Solution Approach 2:
The assessment system performs self-evaluation by automatically collecting cloud usage data, processing it through machine learning models, and generating maturity assessments without requiring manual human analysis. The system serves itself by autonomously completing the entire assessment workflow from data collection to recommendation generation.
2Productivity
If generic guidelines are used for FinOps assessments, then the assessment process is simple and fast, but the evaluations are not tailored to individual clients and lack precision
Solution Approach 1:
The patent applies local quality by customizing assessment guidelines for each individual client based on their specific cloud usage patterns, organizational structure, and FinOps maturity level. The system generates client-specific recommendations rather than applying uniform generic guidelines, ensuring high precision and relevance for each assessment while maintaining automated efficiency.
Solution Approach 2:
The assessment guidelines are dynamic and adapt to each client's unique characteristics. The system adjusts the assessment criteria, weightings, and recommendations based on real-time analysis of client data, allowing the guidelines to evolve and customize themselves for each assessment rather than remaining static and generic.
3Measurement precision
If detailed client-specific data collection is performed to improve assessment accuracy, then tailored recommendations can be provided, but the complexity of the assessment system increases
Solution Approach 1:
The patent segments the assessment system into distinct modular components: data collection modules that gather specific client information, processing modules that analyze the data through machine learning models, and output modules that generate recommendations. This segmentation allows the system to handle detailed client-specific data efficiently without overwhelming complexity, as each module performs a specific function independently.
Solution Approach 2:
The system introduces intermediary machine learning models that act as mediators between raw client data and assessment conclusions.

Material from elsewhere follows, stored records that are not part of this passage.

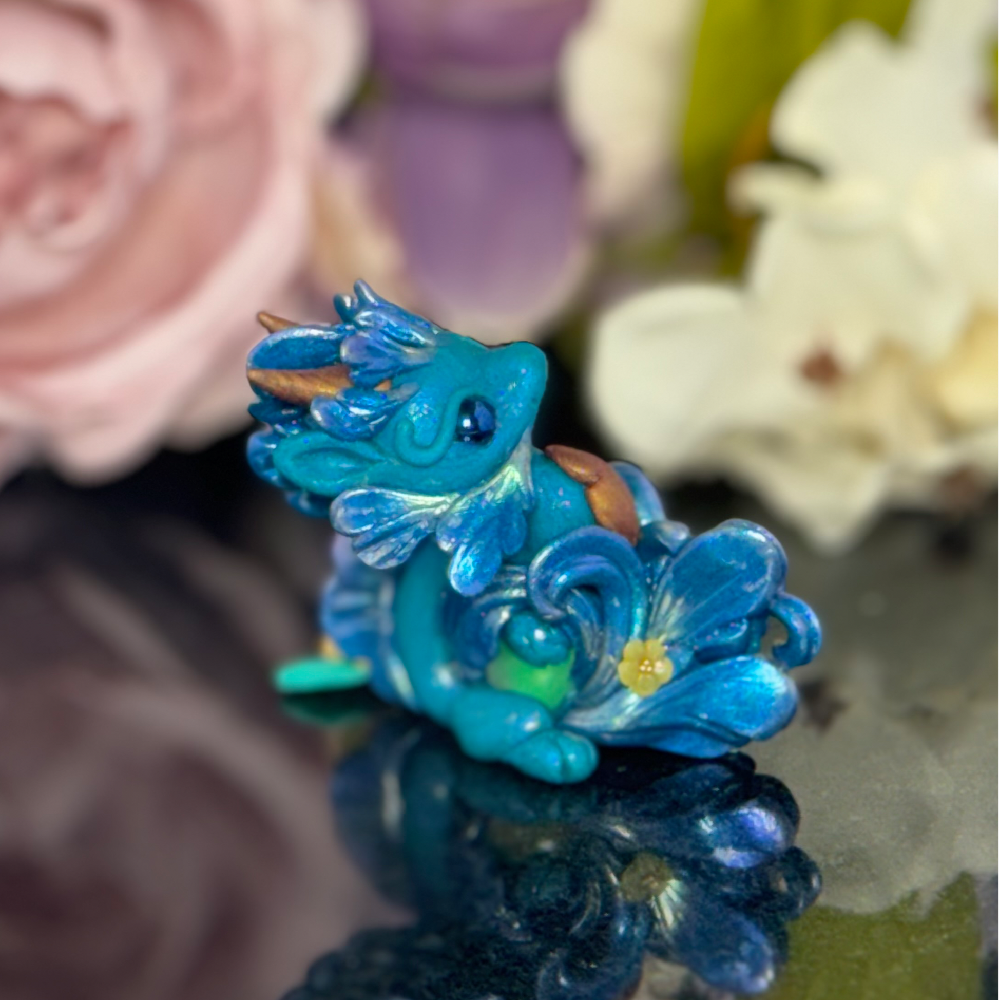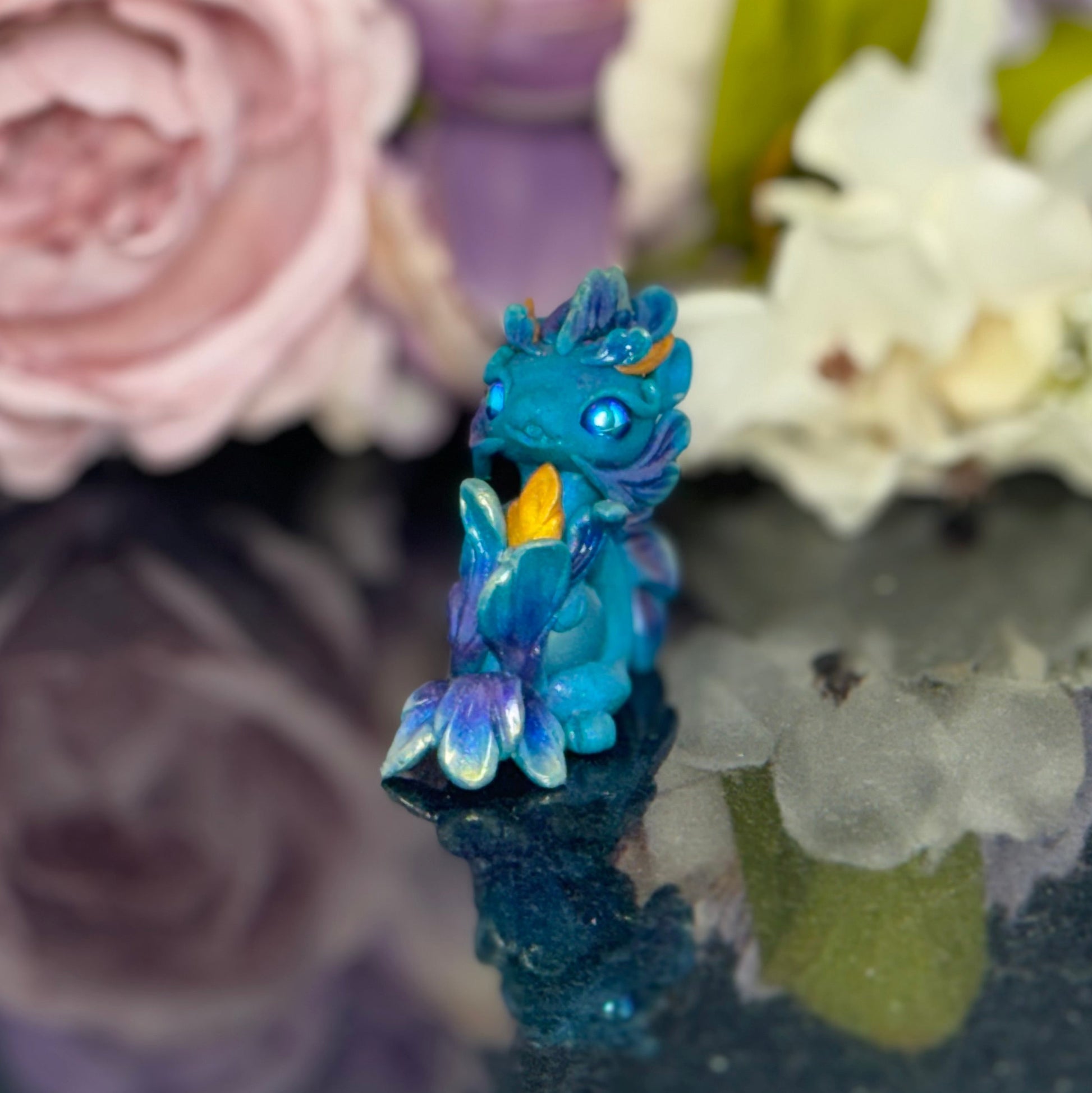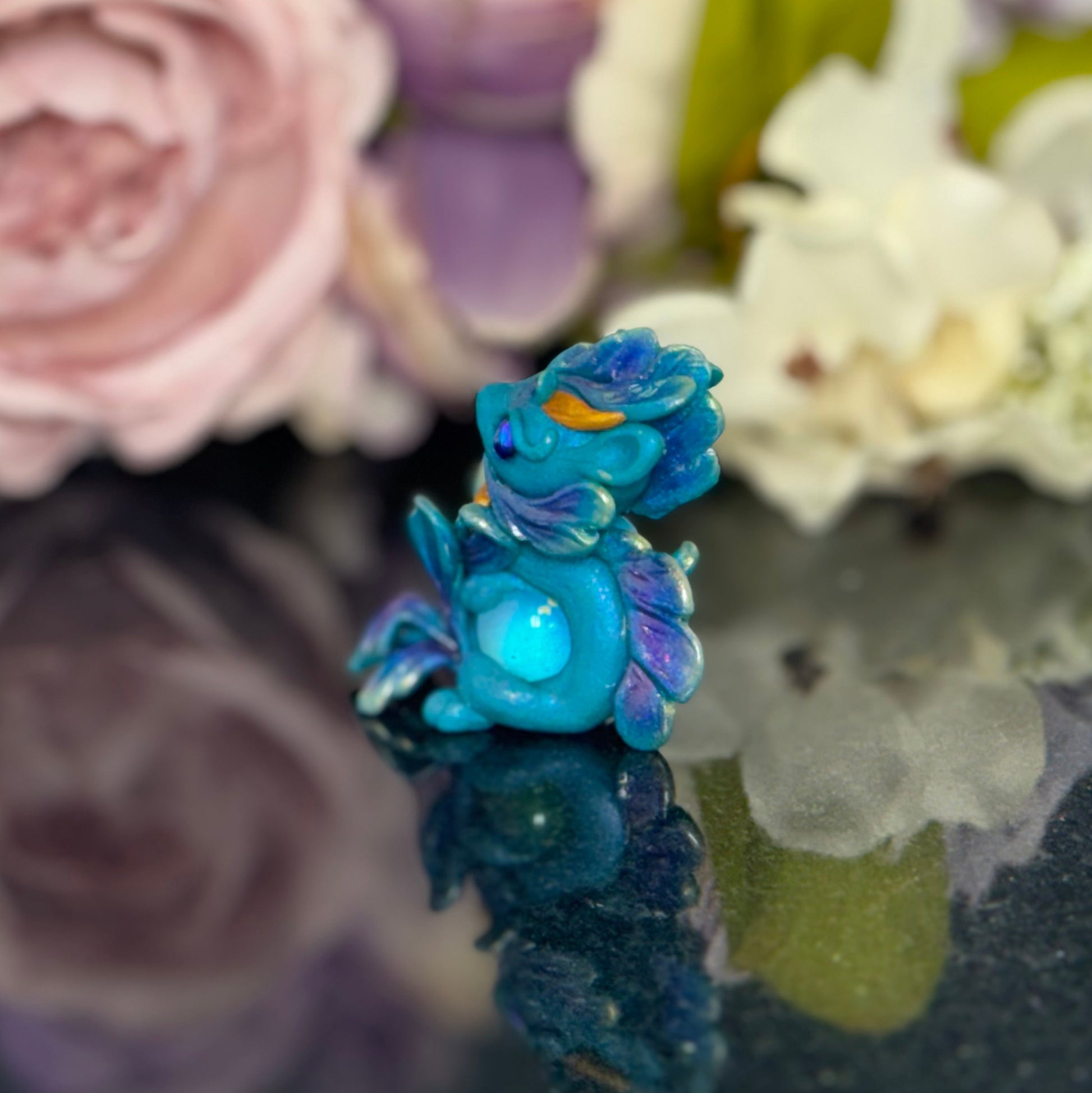 Add a splash of whimsy to your desk with the Teal Marble Dragon Desk Pet! Crafted from polymer clay and vibrant pigment powders, this little dragon features sparkling glass beads and a mesmerizing glass marble. Finished with a glossy varnish, it’s the perfect playful companion to brighten your workspace and spark your imagination.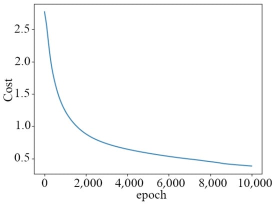 As shown in Figure 6, “epoch” represents the number of iterations and “Cost” represents the value of the cost function. As the number of iterations increases, the cost function value decreases, signifying that the predicted values are getting closer to the actual values. When the iterations of the neural network reach 10,000, the prediction accuracy of the new gesture data is 97.62%.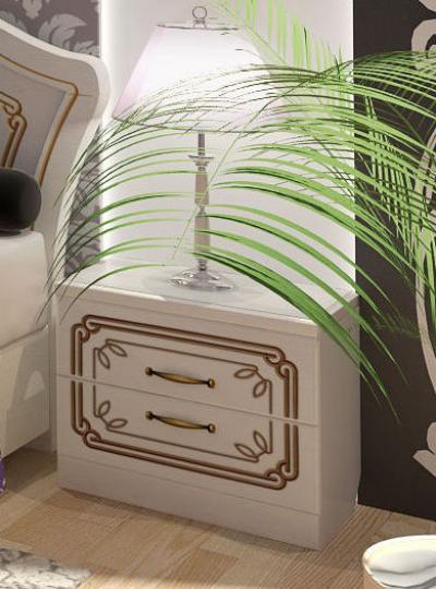 Прикроватные тумбы (500*450*340 мм) имеют по два выдвижных ящика. Узоры на фасадах гармонирует с остальными элементами гарнитура.
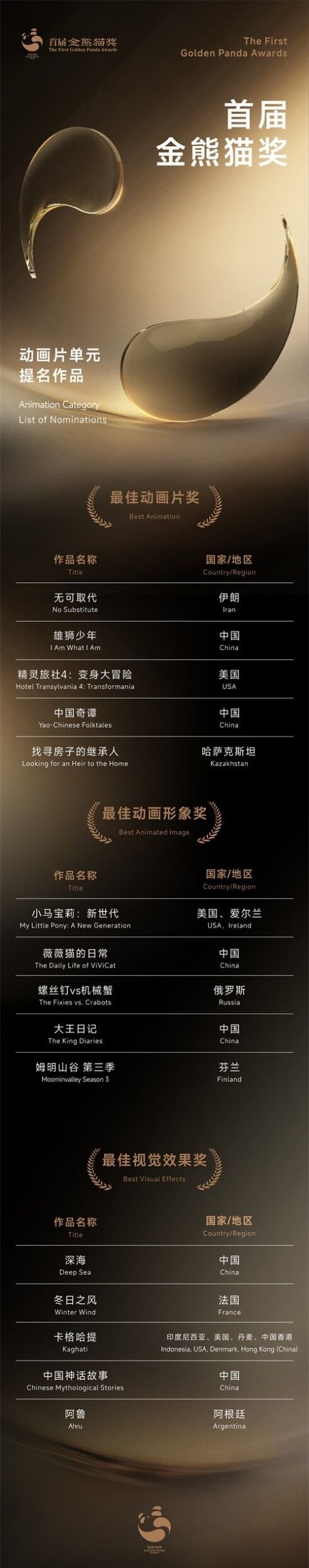 《小马宝莉:新世代 》《薇薇猫的日常》《螺丝钉vs机械蟹 》《大王日记 》《姆明山谷(第三季)》将角逐最佳动画形象奖;《深海 》《冬日之风》《卡格哈提 》《中国神话故事》《阿鲁》则将角逐最佳动画视觉效果奖 。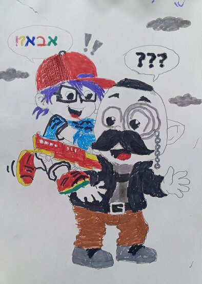 מבוס על סיפור אמיתי: ציירתי אןתי כשראיתי מאחורה ברחוב מישהו שדומה לאבא שלי, קפצתי עליו ואז גילתי את זה- זה היה איש זר. הוא הביט בי במבט מוזר וזה היה מביך ברמות.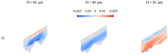 For the modal decomposition analysis, the snapshots of the flow/thermal fields are reported on the horizontal and wall-normal stream-wise planes as illustrated in Figure 5. The horizontal plane in all cases is located at , where is the peak height, and the wall-normal plane is located at the middle of the periodic domain along the X-axis at X = 0 as shown in the figure. In the present study, the shown 2D planes are used to export the flow/thermal data to conduct the modal decomposition analysis at a reduced computational cost in terms of input files. The limits of this approach must be considered; specifically, the mixing between the flow mechanisms observed in these two planes and the absence of the out-of-plane velocity component affects the analyses. Modal decomposition study of 2D planes extracted from the fluid domain has been used in numerous studies (see [18,19,20]) According to Meyer et al. [20], POD study conducted on planes would agree well with the “true” three-dimensional analysis as long as the plane contains the important phenomena in the flow. Accordingly, flow/thermal snapshots in this paper are exported on a horizontally mounted plane in addition to the wall-normal stream-wise plane so as to consider the span-wise mixing effect in the horizontal plane that is not observed in the stream-wise wall-normal plane.

These models process and interpret detailed client-specific data, transforming complex information into structured insights that drive accurate assessments and recommendations, thereby managing system complexity through intelligent intermediation.
Data Source
AI summary
A computer-implemented method includes: generating, by a computing device, a set of customized guidelines using at least user data and a current set of known guidelines; improving, by the computing device, the set of customized guidelines using a refined customer profile including user data of a current client; providing, by the computing device, a maturity assessment of the current client using the improved set of customized guidelines and known maturity assessments; and providing a recommendation to the current client based on the improved set of customized guidelines and maturity assessment.